If you are going to use these in production, bookmark the Sorsa Search Builder. It is a free no-login tool that lets you toggle filters visually and generates a copy-ready query string with full operator coverage. It is the fastest way to prototype before integrating into code.
Web Operators vs Official X API v2 Operators
This is the single most important thing most cheat sheets do not tell you. The X advanced search syntax that works on x.com is a superset of the operator list supported by the official X API v2 search endpoint. If you build a production pipeline on /2/tweets/search/recent and pass it min_faves:100 since:2026-01-01 filter:blue_verified, none of those three operators do anything. They are not errors. They are silently dropped.
I have seen this exact bug in three migration projects since 2024. The query "works", in the sense that it returns tweets, but the filtering you thought you had is gone. By the time someone notices, the analytics dashboard has been wrong for weeks.
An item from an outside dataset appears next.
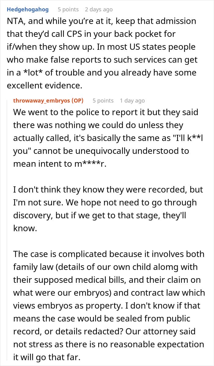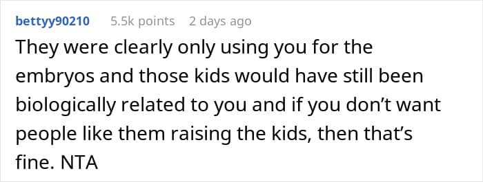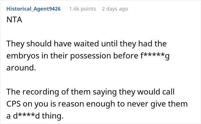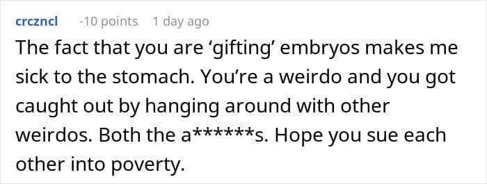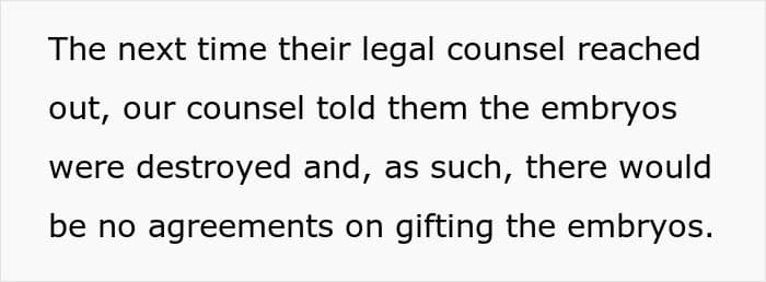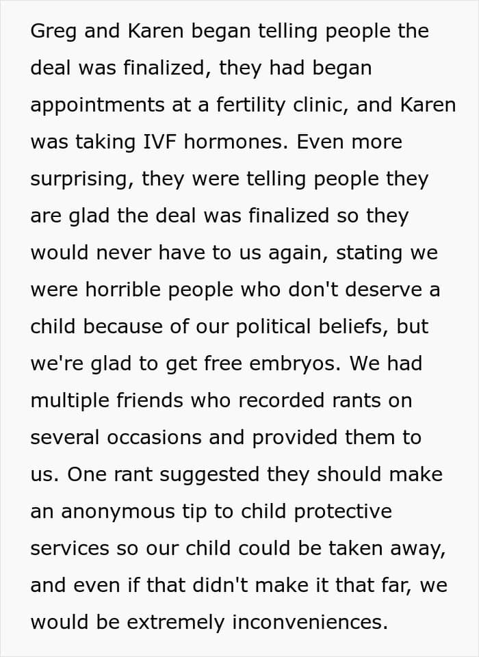 Then the truth came out. Behind their backs, those “friends” were insulting them, badmouthing them, and even saying they didn’t deserve their own child. Heartbroken by what they learned, the couple decided to have the embryos destroyed instead of handing them over.

Here is the operator-by-operator comparison for the ones developers actually care about:
| Operator (web syntax) | Works on x.com / Sorsa | Works on official X API v2 |
|---|---|---|
min_faves:N, min_retweets:N, min_replies:N | Yes | No (not supported at all) |
since:YYYY-MM-DD, until:YYYY-MM-DD | Yes | No (use start_time/end_time request params) |
within_time:Xd, since_id:, max_id: | Yes | No |
filter:blue_verified | Yes | No (only is:verified) |
filter:follows, filter:social | Yes (UI only) | No |
filter:has_engagement | Yes | No |
filter:images, filter:twimg, filter:videos, filter:native_video, filter:pro_video | Yes | Partial (only has:media, has:images, has:video_link) |
filter:spaces | Yes | No |
card_name:*, card_domain:, card_url: | Yes | No |
near:"city", within:Xkm, geocode: | Yes | Partial (only point_radius:, bounding_box:, place:, place_country:) |
source:client_name | Yes | No |
quoted_user_id: | Yes | No (only quotes_of_tweet_id:) |
filter:news, filter:safe | Yes | No |
Wildcard "word * word" | Yes | No |
from:, to:, @, #, $, url:, lang: | Yes | Yes |
is:retweet, is:reply, is:quote, is:verified | Yes (with slight naming differences) | Yes (these are the API v2 names) |
The biggest casualties for real work are the engagement filters (min_faves, min_retweets, min_replies) and the rich date syntax. Without min_faves:, you cannot efficiently surface viral or influential content on the API v2 side. You can pull tweets and filter client-side, but on high-volume queries you end up burning your quota on tweets you immediately discard. The cost difference compounds fast.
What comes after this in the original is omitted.